I could do that abstract painting.

I could take that guy.

Self-deception like this seems very human. Now, thanks to a recent study led by an Arizona State University biologist, for the first time we know that it happens in the animal kingdom, too.

Crayfish are some of the most aggressive creatures on earth. They fight with big claws capable of doing real damage. But sometimes there’s not much muscle under the bravado.

“What males are doing is making as little crappy muscle as possible, which is energetically saving,” said Michael Angilletta, a biology professor in the School of Life Sciences.

It’s like buying designer knockoffs. You save a lot of money, and most people can't tell the difference. In the case of crayfish, you make a big claw without much muscle, and you put crappy muscle — that is, little tiny muscles — on it to boot. Everyone sees you wave your big claw and they presume that you’re a powerful crayfish.
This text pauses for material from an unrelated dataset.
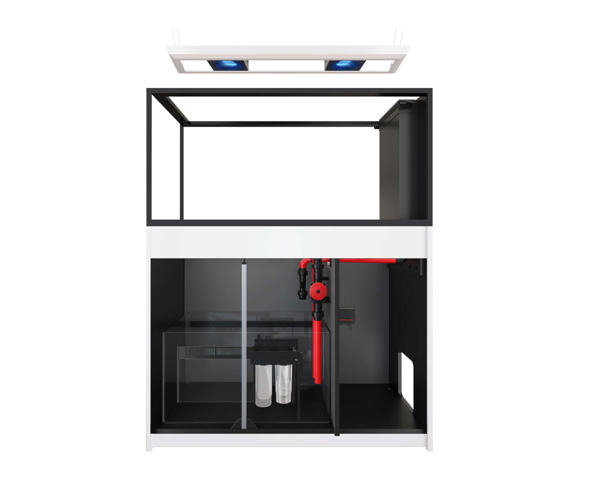 ReefMat-Ready Sump: The professional REEF-SPEC glass sump features a dedicated mechanical filtration compartment perfectly sized for plug-and-play installation of a Red Sea ReefMat automatic fleece roller filter (sold separately) or standard filter cups/media.

Video by Ken Fagan/ASU Now

“Since they signal to each other before fighting, this is a way they can convince someone to back down without fighting,” Angilletta said. “Importantly, this only works if there’s enough crayfish out there that have big claws that are actually strong. If you accidentally fight one of those and call a bluff, you’re going to lose a claw.”

In the crayfish world, losing a claw is a disaster: It takes up to two years for a claw to regenerate. In the meantime, no one is mating with anyone who has a puny claw. 

Angilletta and his co-authors have been studying self-deception in crayfish for about 10 years. In 2006 they accidentally discovered that many crayfish with big claws were quite weak. There was about a tenfold variation.

“You would go, ‘Oh, this (pinch) is going to hurt,’ but it doesn’t hurt at all,” Angilletta said. "The question is are they not trying, or are they really not strong? And it’s repeatable from day after day with the same individuals.”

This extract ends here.